In Scott Richards v. DP industries, Mr. Richards injured his back, wrist and elbow when he fell at work in 2001, requiring significant work restrictions. The Maine Department of Labor’s Division of Rehabilitation Services developed a rehabilitation plan, which DP declined to fund. Mr. Richards filed a Petition to Determine Entitlement to Rehabilitation Services pursuant to §217. The plan sought almost $9000 for equipment, training and counseling, but at hearing Mr. Richards testified and presented documentary support that his actual expenses were $15,000. Hearing Officer Dunn approved the plan but ordered the Employment Rehabilitation Fund to pay only the $9000 as indicated in the plan.
Mr. Richards requested further findings of fact and conclusions of law, together with a request for an order that DP pay his attorney’s fees and reopen the evidence. HO Dunn provided further findings, but he denied the requests for attorney’s fees and reopening the evidence, as the employee’s attorney did not qualify for that fee under the Act. Mr. Richards appealed, but the Appellate Division affirmed HO Dunn’s decision in its entirety.

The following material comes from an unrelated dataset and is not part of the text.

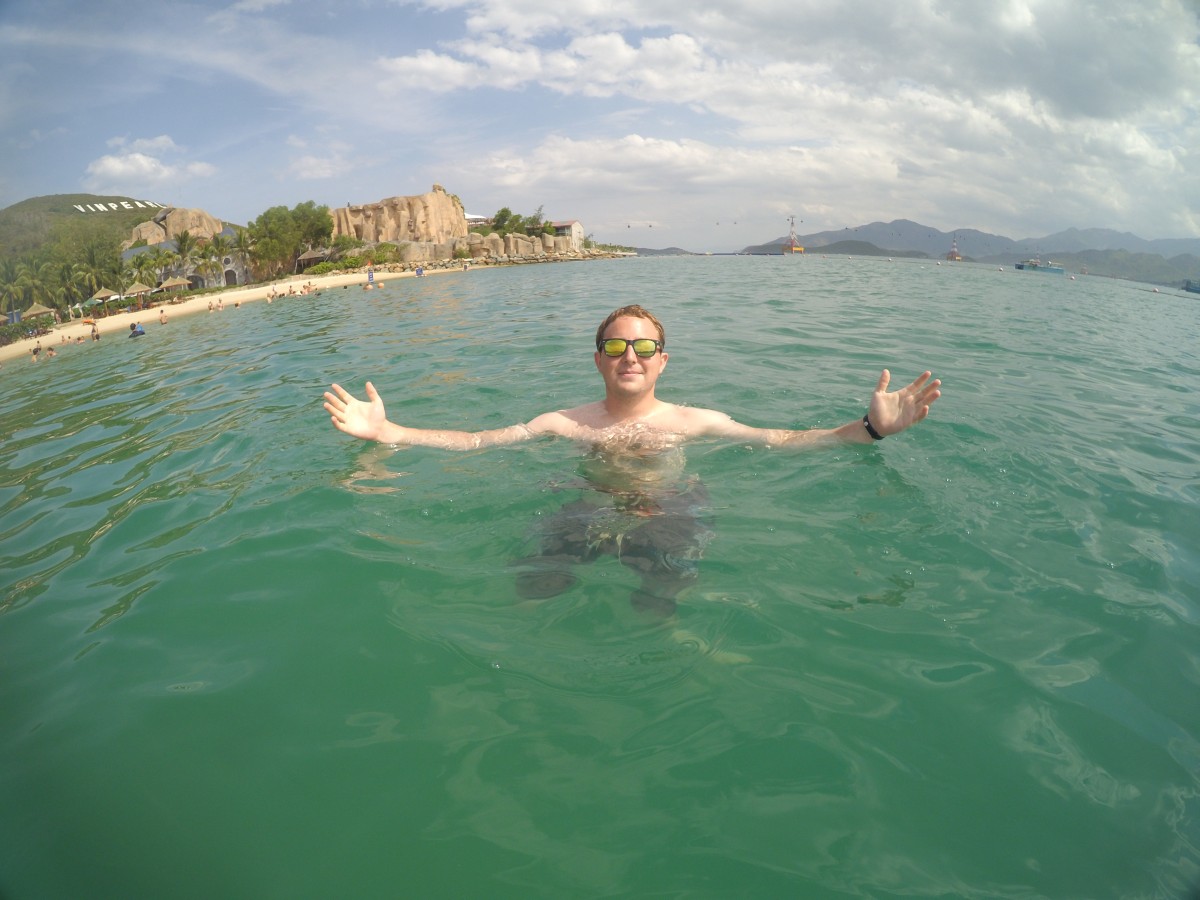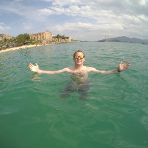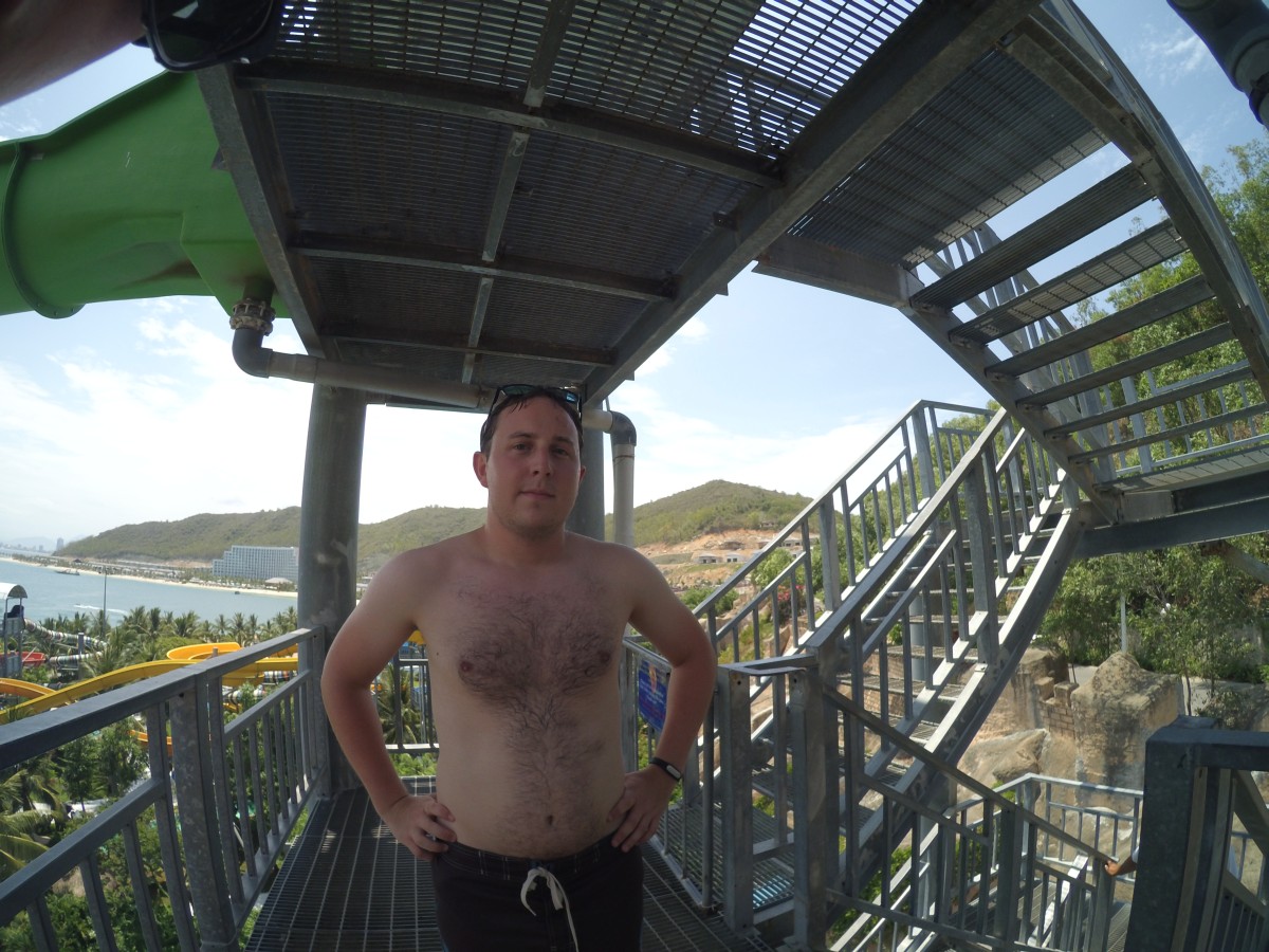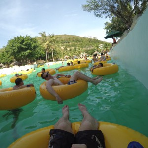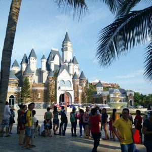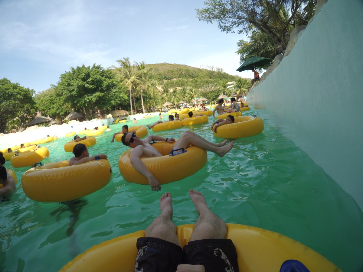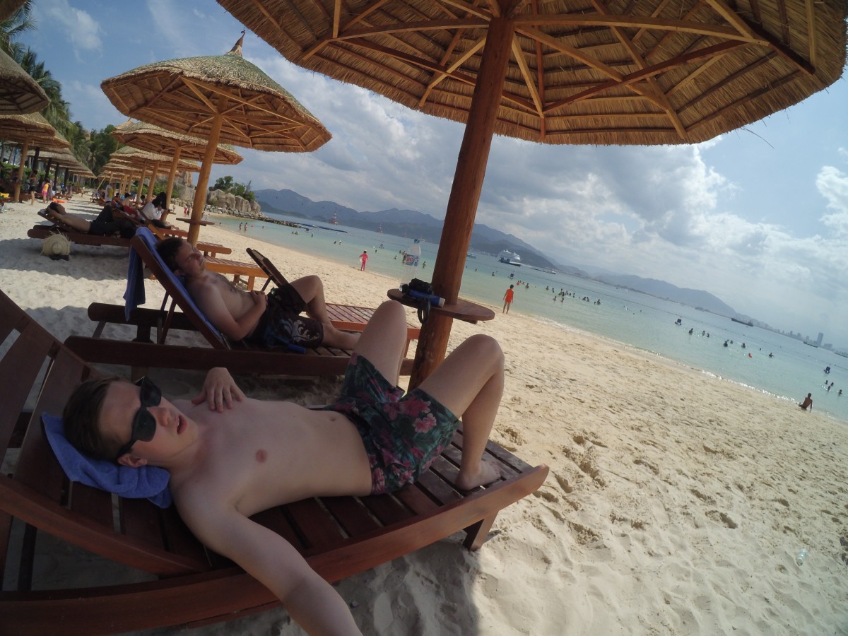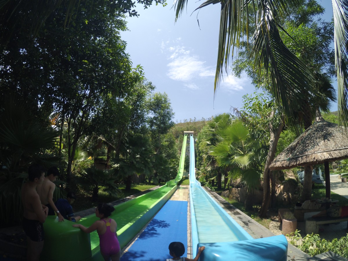 Gestern war der letzte Tag in Hoi An, nach dem wir unsere fertigen Anzüge abgeholt hatten sind wir noch etwas durch die Stadt geschlendert um dann Abends mit dem Nachtbus nach Nha Trang zu fahren. Heute sind wir dann nach einer super holprigen Fahrt gegen 6:30 angekommen, da der Check-in aber erst ab 11:00 im Hostel möglich war haben wir unsere Badehosen eingepackt und sind mit dem Bus zum Vinpearlland Vergnügungspark gefahren der unter anderem einen Wasserpark beinhaltet. Der Eintritt ist für Vietnam mit 20€ relativ hoch dafür sind aber alle Fahrgeschäfte und die Überfahrt mit Fähre/Seilbahn im Preis enthalten. Nach dem Park ging es dann zurück nach Nha Trang, wo uns das erste Mal aufgefallen ist das es von Russen nur so wimmelt. Daher hat auch ein Großteil der Bars und Geschäfte kyrillische Leuchtreklame und Karten ausliegen.

The Appellate Division panel held that, before the development of the rehabilitation plan, the employee had spent $5000 to buy a business. The panel, citing its own 2015 Deroche decision, held that §217 does not provide for reimbursement to an employee for costs he incurred before the development of a rehabilitation plan. Mr. Richards’ attorney tried to collect fees and costs from the $9000, but the panel affirmed that the rehabilitation money was not a “common fund” shared by the attorney, so he could not extract a fee from it under §325. Finally, the panel affirmed HO Dunn’s denial of Mr. Richards’ petition to reopen the evidence under §319, holding that HO Dunn properly concluded that Mr. Richards had not met the statutory criteria.